Exercise: Give back exactly the lines of the data below, starting with the line that has "Fried Pickled Pepper" and going on through the line that has "В 2008 году".

Data for this task:
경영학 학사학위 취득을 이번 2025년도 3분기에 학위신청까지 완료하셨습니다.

...

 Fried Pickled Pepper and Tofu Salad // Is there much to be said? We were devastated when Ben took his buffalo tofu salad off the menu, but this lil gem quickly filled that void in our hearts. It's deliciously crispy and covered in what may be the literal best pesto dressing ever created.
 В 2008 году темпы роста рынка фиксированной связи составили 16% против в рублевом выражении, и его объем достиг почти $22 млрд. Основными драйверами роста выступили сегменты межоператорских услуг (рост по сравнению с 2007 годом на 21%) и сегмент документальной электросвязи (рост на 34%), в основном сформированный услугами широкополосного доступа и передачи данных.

Solution to the exercise:
 Fried Pickled Pepper and Tofu Salad // Is there much to be said? We were devastated when Ben took his buffalo tofu salad off the menu, but this lil gem quickly filled that void in our hearts. It's deliciously crispy and covered in what may be the literal best pesto dressing ever created.
 В 2008 году темпы роста рынка фиксированной связи составили 16% против в рублевом выражении, и его объем достиг почти $22 млрд. Основными драйверами роста выступили сегменты межоператорских услуг (рост по сравнению с 2007 годом на 21%) и сегмент документальной электросвязи (рост на 34%), в основном сформированный услугами широкополосного доступа и передачи данных.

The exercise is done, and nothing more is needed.